In the UK, 34 per cent of respondents stated that they believe bribery and corruption happens widely in business, an increase of 20 percentage points from the 2012 survey. This level is also higher than the average of 21 per cent in Western Europe, with Germany, Switzerland and the Netherlands all recording significantly lower figures. Respondents in the UK also reported higher instances of criminal wrongdoing, with 18 per cent stating their company had experienced a significant fraud in the last two years – above the average for developed markets at 10 per cent.
Richard Indge, Head of Fraud Investigation & Dispute Services – UK & Ireland says:
“Increasing regulation worldwide appears to be having little demonstrable impact on corruption. The prevalence of corruption, both globally and in the UK, means that businesses remain vulnerable to significant financial and reputational harm.
“Management teams must identify and address the root causes of unethical conduct that impact their organisation, while compliance programs need to keep pace with the impact on business operations from rapid technological advancements and the increasingly complex risk environment. More robust risk management should be considered a strategic means of improving business performance.”
Varying levels of corruption across markets
The difference in levels of corruption between countries remains significant, with 20 per cent of respondents in developed markets indicating bribery and corruption happens widely in business, compared with over half of those (52 per cent) in emerging markets.
Regions where corruption risks were higher than the global average included Central and Eastern Europe (47 per cent), the Middle East (62 per cent) and Latin America (74 per cent), despite improved anti-corruption legislation and more active enforcement in some countries.

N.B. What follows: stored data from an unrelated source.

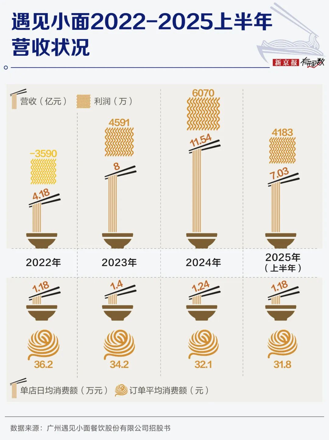 10月15日,广州遇见小面餐饮股份有限公司(以下简称遇见小面)在港交所递交招股书,拟香港主板IPO上市。这是继今年4月15日首次递表失效之后, 遇见小面再度冲刺港交所。 一石激起千层浪。这两年来,中式面馆亏损、降价、裁员、闭店等新闻层出不穷,遇见小面却在此时以高调之势将中式面馆重新拉回大众视野。 如果IPO顺利,遇见小面有望成为"中式面馆第一股"。 但上市之路也并非通畅,从业绩来看,虽然遇见小面营收整体增加,但2024年增速明显放缓,客单价更是四连降。而且,网络上也有大量关于"新中式面 馆"价格贵、食品安全的质疑声,怎样将面条更好地卖下去,在消费降级的当下,是新中式面馆普遍面临的问题。 遇见小面靠啥上市? 从遇见小面的招股书看,2022—2024年,遇见小面营收从4.18亿元增至11.54亿元,但2024年的增速明显放缓。好在2025年上半年,营收和盈利都显著提 升,分别同比增长33.8%、131.56%。 增长的背后,客单价却在不断下跌。从直营店的数据看,遇见小面的单店日均销售额从2023年的1.4万元降至2024年的1.24万元,同比下滑11.43%;客单 价连续三年下降,从2022年的36.2元降至20 ...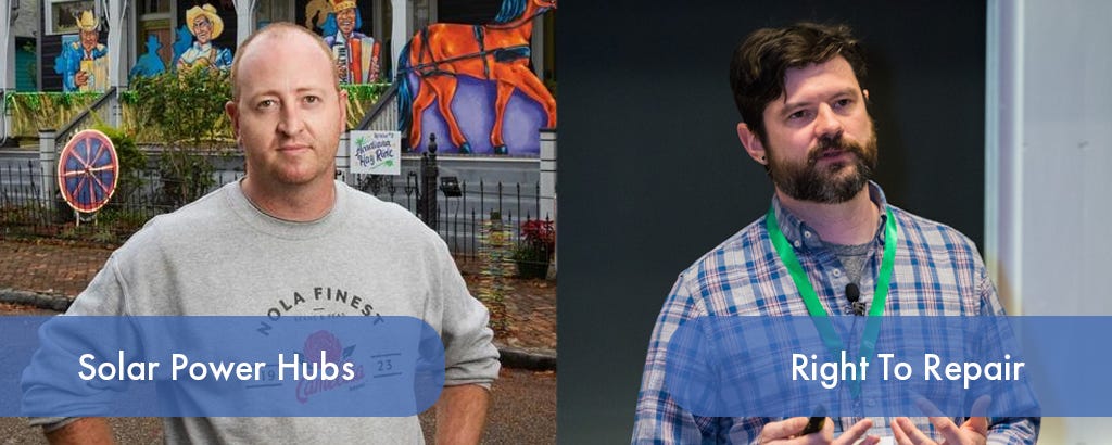 Ralph welcomes two “doers” to the program, first Devin De Wulf, to tell us about how he and his group of community activists are protecting the food supply in his hometown of New Orleans by outfitting restaurants with solar panels that withstand power outages in a hurricane. Then Nathan Proctor of US PIRG tells us about his organization’s latest victory that gives consumers the Right to Repair their electronics, saving on money, toxic waste, and greenhouse gas emissions.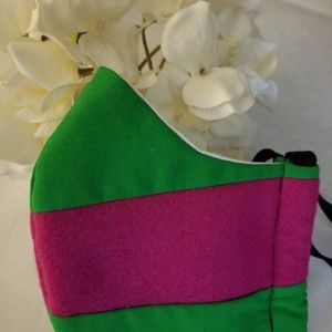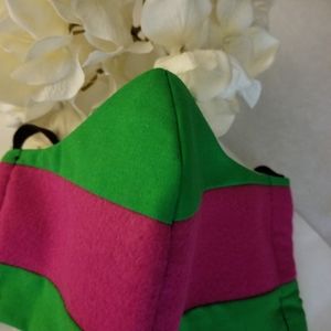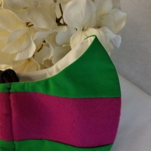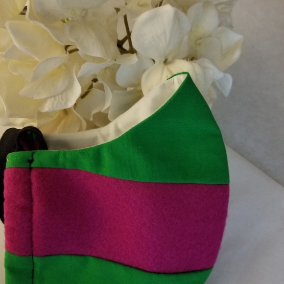 Fushia felt pink and grass green canvas fabric.. non washable. Custom made

Overall, the findings show that there is often a lag between the introduction of stronger anti-bribery laws and reduced corruption, with Brazil, the Netherlands and the UK showing this trend. Brazil, for example, has seen the introduction of legislation and increased enforcement over the last four years. Yet, 96 per cent of Brazilian respondents indicate that corrupt practices occur widely in business – an increase from 80 per cent in 2014 when the new laws were introduced. In the US, however, where enforcement of the Foreign Corrupt Practices Act (FCPA) intensified in the mid-2000s, perceived levels of corruption fell this year to 18%, an improvement from 22% in 2014.